それに加えてこちらが先手を取れるので、なるだけ音がでない装備をつけた方が好ましい。
内部に着込むプロテクターのような防具の方がいいのかもしれない。
(専門家がいるといいんだが……)
俺達は準備を済ませると討伐目標のいる地点に向かって歩き出す。
広域アナライズによると目標は近くにいるようだが。
若干進行方向がずれている。
いや……
「急ぎましょうか」
「あっ、ちょっと待ちなさいよ」
「待ってパティ、声が聞こえる…これは」
進行方向に襲われている町人の姿が見える。
手には鉈を持ち子供を庇うように魔物に相対する男。
親子か? 俺はナイフの止め具を外すと6匹いるゴブリンの集団目掛けナイフを投擲する。

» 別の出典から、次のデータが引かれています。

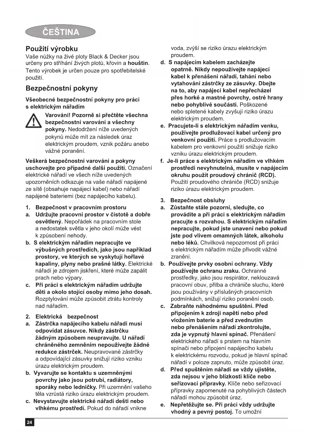 a. Svěřte opravu vašeho elektrického nářadí pouze osobě s příslušnou kvalifi kací, která bude používat výhradně originální náhradní díly. Tím zajistíte bezpečný provoz nářadí. Doplňkové bezpečnostní pokyny pro práci s elektrickým nářadím Varování! Doplňkové bezpečnostní pokyny pro nůžky na živé ploty ♦ Udržujte všechny části těla v bezpečné vzdálenosti od ostří nůžek. Pohybují-li se nože nůžek, neodstraňujte ostříhaný materiál a nedržte materiál, který budete stříhat. Při odstraňování materiálu, který blokuje nože nůžek, se ujistěte, zda je vypnutý hlavní spínač. Chvilková nepozornost při obsluze tohoto nářadí může způsobit vážné zranění. ♦ Přenášejte nůžky na živé ploty za rukojeť a dbejte na to, aby byly nože nůžek zastaveny. Při přepravě nebo skladování nasaďte na lištu nůžek příslušný kryt. Správná manipulace s nůžkami na živé ploty snižuje riziko zranění, které mohou způsobit nože nůžek. ♦ Dbejte na to, aby se napájecí kabel nedostal do blízkosti pracovního prostoru nožů. Během práce může být napájecí kabel zakrytý porostem a může dojít k jeho náhodnému přestřižení. ♦ Toto nářadí není určeno k použití osobami (včetně dětí) se sníženými fyzickými, smyslovými nebo duševními schopnostmi, nebo s nedostatkem zkušeností a znalostí, pokud těmto osobám nebyl stanoven dohled, nebo pokud jim nebyly poskytnuty instrukce týkající se použití nářadí osobou odpovědnou za jejich bezpečnost. Děti by měly být pod dozorem, aby bylo zajištěno, že si s nářadím nebudou hrát. ♦ V tomto návodu je popsáno správné použití nářadí. Použití jakéhokoli jiného příslušenství nebo přídavných zařízení, nebo jakékoli jiné využití tohoto nářadí, než je popsáno v tomto návodu k použití, může mít za následek poranění osob nebo způsobení hmotných škod.26 ČEŠTINA ♦ Nepřenášejte nářadí s rukama na přední rukojeti, na spínači nebo na spouštěcím spínači, pokud není vyjmuta baterie. ♦ Budete-li nůžky na živé ploty používat poprvé, mimo nastudování tohoto návodu vyhledejte zkušeného pracovníka, který vám poskytne praktické rady pro práci s nůžkami na živé ploty. ♦ Nikdy se nedotýkejte nožů, pokud je nářadí v chodu. ♦ Nikdy se nepokoušejte zastavit dobíhající nože. ♦ Nepokládejte nářadí na zem, dokud se nože zcela nezastaví. ♦ Pravidelně kontrolujte opotřebování nebo poškození nožů. Nepoužívejte toto nářadí, jsou-li poškozeny jeho nože. ♦ Při stříhání zabraňte kontaktu nožů s tvrdými předměty (např. kovová vedení, ploty, zábradlí). Pokud k takovému kontaktu dojde, nářadí ihned vypněte a zkontrolujte, zda nedošlo k jeho poškození. ♦ Začne-li nářadí nadměrně vibrovat, ihned jej vypněte a zkontrolujte, zda nedošlo k jeho poškození. ♦ Dojde-li k zaseknutí nářadí, ihned vypněte hlavní spínač. Dříve než budete odstraňovat jakýkoli předmět, vyjměte z nářadí baterii. ♦ Po skončení práce nasaďte na lištu nůžek ochranné pouzdro. Při ukládání nářadí zkontrolujte, zda nejsou nože obnaženy. ♦ Při práci s nářadím zkontrolujte, zda jsou řádně připevněny všechny kryty. Nikdy nepracujte s nekompletním nebo neodborně upraveným nářadím. ♦ Nikdy nedovolte pracovat s nářadím dětem. ♦ Pozor na padající úlomky při práci ve vyšších částech živého plotu. ♦ Nářadí vždy držte za rukojeti oběma rukama. Bezpečnost ostatních osob ♦ Toto nářadí není určeno pro použití osobami (včetně dětí) se sníženými fyzickými, smyslovými nebo duševními schopnostmi, nebo s nedostatkem zkušeností a znalostí, pokud těmto osobám nebyl stanoven dohled, nebo pokud jim nebyly poskytnuty instrukce týkající se použití výrobku osobou odpovědnou za jejich bezpečnost. ♦ Děti by měly být pod dozorem, aby si s nářadím nehrály. Vibrace Deklarovaná úroveň vibrací uvedená v technických údajích a v prohlášení o shod ě byla měřena v souladu se standardní zkušební metodou předepsanou normou EN 60745 a může být použita pro srovnání jednotlivých nářadí mezi sebou. Deklarovaná úroveň vibrací může být také použita k předběžnému stanovení doby práce s tímto výrobkem. Varování! Úroveň vibrací při aktuálním použití elektrického nářadí se může od deklarované úrovně vibrací lišit v závislosti na způsobu použití výrobku. Úroveň vibrací může být vzhledem k uvedené hodnotě vyšší. Při stanovení doby vystavení se působení vibrací, z důvodu určení bezpečnostních opatření podle normy 2002/44/EC k ochraně osob pravidelně používajících elektrické nářadí v zaměstnání, by měl předběžný odhad působení vibrací brát na zřetel aktuální podmínky použití nářadí s přihlédnutím na všechny části pracovního cyklu, jako jsou doby, při které je nářadí vypnuto a kdy běží naprázdno. Nálepky na nářadí Na nářadí jsou následující piktogramy: Varování! Z důvodu snížení rizika způsobení úrazu si uživatel musí přečíst tento návod k obsluze. Vždy používejte ochranné brýle a vhodnou ochranu sluchu. Při práci s tímto nářadím používejte pracovní rukavice. Pokud je napájecí kabel poškozen nebo přetržen, okamžitě jej vytáhněte ze zásuvky. Nevystavujte nářadí dešti nebo vlhkosti. Elektrická bezpečnost Toto nářadí je opatřeno dvojitou izolací. Z tohoto důvodu není nutná ochrana uzemněním. Vždy zkontrolujte, zda napětí v síti odpovídá napětí na výkonovém štítku. ♦ Poškozený napájecí kabel musí být vyměněn výrobcem nebo v autorizovaném servisu Black & Decker, aby nedošlo k úrazu elektrickým proudem.27 ČEŠTI

あれだけ密集してればどれかに当たるだろう、いや、注意を逸らすだけでいい。
(しまったな、銃を持ってくるべきだった)
「おぉぉぉぉっ!」
鬨の声を上げると 魔物達がこちらへと一斉に注目する。
ナイフは一体の腕を切りつけるもの の弾かれてしまった。
「にゃぁぁぁぁっ!」
「えっ、あっ……」
こちらの意図を汲んだのか、背後から気の抜けるパティの鬨の声が聞こえる。
にゃーってキミ。
先導する俺は背後にいる仲間にハンドサインで指示を出す。
パティと俺は左右に散開。ミュレーは弓の準備。何時もどおりの布陣だ。
「ふっ!」
ゴブリンの横っ面に俺の振るったメイスが直撃する。
親子が木陰に避難したのを横目で確認、良し。
パティは早速2体を仕留めている。
残り3体。
「撃てます!」
ミュレーの合図に合わせて俺達は射線を開ける。
風切り音と共に矢がゴブリンの頭蓋を突き破る。
残り2体。
「よっと!」
パティが回転しながら返す刃でゴブリンの首を刎ねる、ガントレットの重さを上手く利用した遠心攻撃だ。
ちなみに俺は攻めあぐねている。
掴みかかってくるゴブリンを上手いこと地面に転がすと倒れているゴブリンの頭部にメイスを振り下ろす。
泥仕合です。
「これで全部ですね」
「襲われてた人達は!?」
俺が注目のハンドサインを出すと、パティがその方向へ目を向ける。
中年の男の足元で1人の幼女が恐る恐るとこちらの様子を伺うのが見えると、パティは今まで見せた事のない笑顔で答えた。